UTF-8 is well-supported in many Linux applications, and most programs can be easily configured to support it.

Many browsers will display HTML documents that use UTF-8. The following definition needs to be in the document header:

<head>

<meta http-equiv="Content-Type" content="text/html; charset=UTF-8">

</head>

Other applications that are already UTF-8 aware are editors like vi, Emacs and xedit. These are ready for and can be configured for UTF-8.

Another application that is specifically designed to use UTF-8 is the Mined 2000 editor (see Resources). The makefile is a little tricky to adjust to Linux. Send me an e-mail if you have trouble and I will walk you through the adaptation.

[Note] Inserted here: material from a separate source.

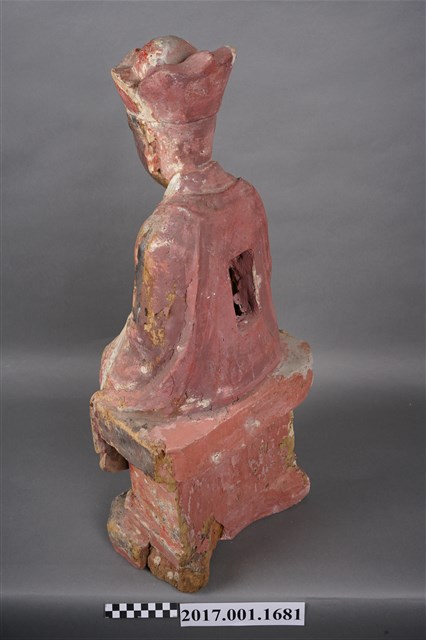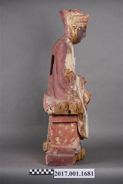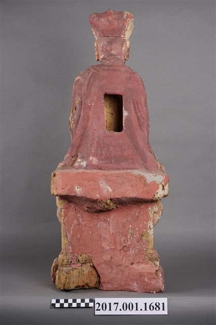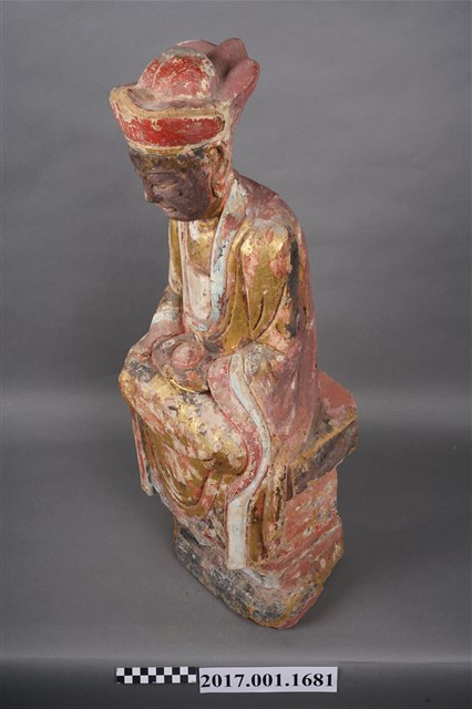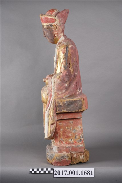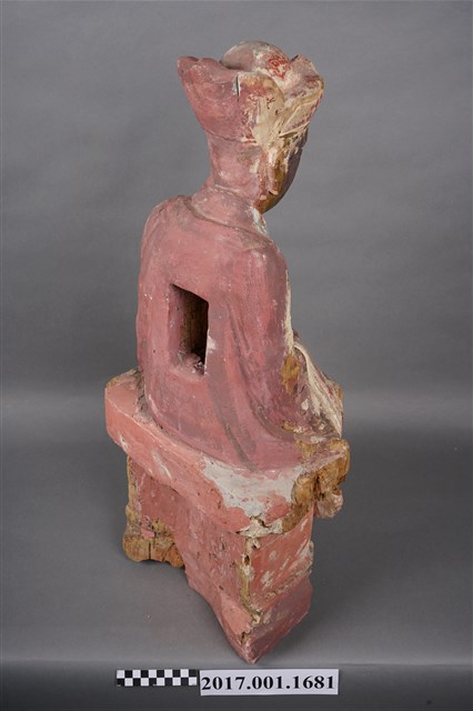 1.本件木雕觀世音菩薩像,作結跏趺坐姿態,坐於金剛座上,表面施作塗裝、安金不見紅粧佛技法,粧佛局部剝落,背面開有長方形入神洞,封榫佚失,內容物件已取出。菩薩臉部呈橢圓形,顏面表現雙眼垂視,山根塌、鼻樑短,頦肌收縮凸起,頭戴毘盧冠,身著開襟袍服、披肩。雙足盤腿,雙掌相疊成禪定印置於腹前捧摩尼珠。

Internet mail programs seem to create a large number of problems when used with UTF-8. It is a matter of making sure that the eighth bit is not stripped off and the font support is set for Unicode UTF-8.

Conclusion

Although neither the most common nor the most popular solution, Unicode UTF-8 is the most flexible option and the only one that preserves ASCII compatibility and all of the established character code sets. In a few years, UTF-8 should predominate as the standard code system in all Linux distributions. This will make Linux the first truly international operating system while preserving the ability to handle ASCII code.